Paul is not basing his faith on what are beliefs about natural processes - that a soul leaves a body at death. For Paul hope in the future is much more theological. It depends on God doing something in the present. Like Jesus, Paul claims a present reality that embodies this future hope.

Paul suggests that Christian faith cannot exist without belief in the resurrection of Jesus. While that must be read in the light of the historical context of thought about resurrection and while we needn’t necessarily recognize Jesus' resurrection as a kind of divine resuscitation of a corpse, nevertheless Paul lays down the challenge that faith in Christ's resurrection is fundamental for our faith.

At one level, leaving aside the many historical questions raised by the accounts and by our different expectations of reality and philosophical presuppositions, Paul sees Christian faith as based in a defiant assertion that God is, and that in God is hope, that Jesus' life was not hopeless, and nor need ours be in the future or in the present.

The resurrection becomes a symbol of such defiance - which dares to imagine ultimate goodness in the universe and so lives accordingly. For some, this seems to entail massive self-deceit, as though we must pretend life really is all positive. We are however, challenged to believe - not because things go well, but because the horror of the cross keeps repeating itself, in the violence that fills our news and our lives. We fight against the horror of the cross because it dares us to roll over and give up.

Present Hope
Jesus used death as a metaphor for sin. Sin equals death. The crisis of a soul’s history in our scriptures is not the death of our bodies. It is the sin or separation from God within our lives. I believe that resurrection then, is a greater symbol of the change from sin to life.

Resurrection then metaphorically equals RESTORATION.

Restoration describes the experience of resurrection in the present. Relationship with God in the present is assured in love. God wants us to be restored to life from the cycle of sin and guilt so that we can be truly free. Freedom to love ourselves and others, freedom to discern our true callings This freedom is what it means to be fully alive. Restored - to life being lived.

Ann Weems says “ Lent is a time to take the time – to let the power of our faith story take hold of us.
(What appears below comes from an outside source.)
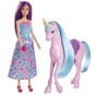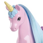 Rid in i fantastiska sagovärldar med Barbie och hennes magiska enhörning! Den glittrande enhörningen har en turkos man och svans som barnen kan borsta med den medföljande kammen, perfekt för kreativ lek. Barbie är klädd i en skimrande outfit med stjärndetaljer och prismamönster som förstärker det magiska temat. Denna lekset bjuder in till oändlig fantasilek och är idealiskt för barn som älskar hästar, enhörningar och Barbie-dockor.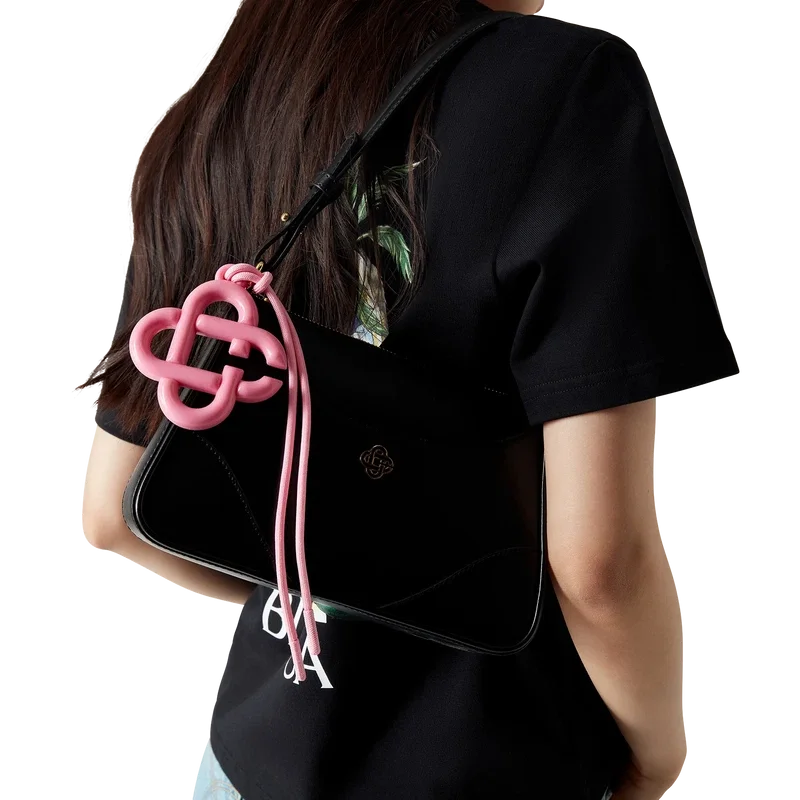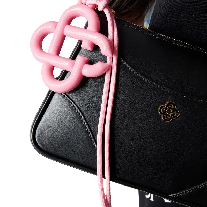 Le charm logo CC est un accessoire arborant le logo CC entrelacé de la Maison, confectionné en silicone. Il est doté d’un cordon rose assorti pour une fixation facile.

As people who claim identity in Christ – we approach the season of lent to prepare for this restoration moment – the crux of our faith that pits the forgiving love of God against the Justice of God that convicts us of sin. The prophet Jeremiah spoke of trusting in God’s restorative power in terms of a tree planted by the water.

In high school I worked for my uncle in his greenhouse. He grew much of his stock from seed that was rooted and transplanted from trays to small plastic packs. Not being bale to hold much moisture, they dry out quickly and needed to be constantly watered under the hot glass of the houses. Finally however, some plants which needed to be stronger or kept for an extended period would be put into a clay pot which was pushed down into a bed of sandy soil.
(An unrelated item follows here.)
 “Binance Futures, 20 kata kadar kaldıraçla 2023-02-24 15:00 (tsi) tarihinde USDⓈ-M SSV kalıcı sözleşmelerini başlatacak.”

The bed could hold considerably more moisture than the pot alone – and plants would send roots down through the hole in the bottom of and thrive no matter the time between waterings or the heat.

Our restoration in Christ is like climbing into a clay pot and being sunk into a warm bed of moist soil. Life and Lent will call upon us to reflect on our life and state of faith – and their might be some heat.

You will not cease to bear fruit however because you are rooted deep in Christ’s resurrection.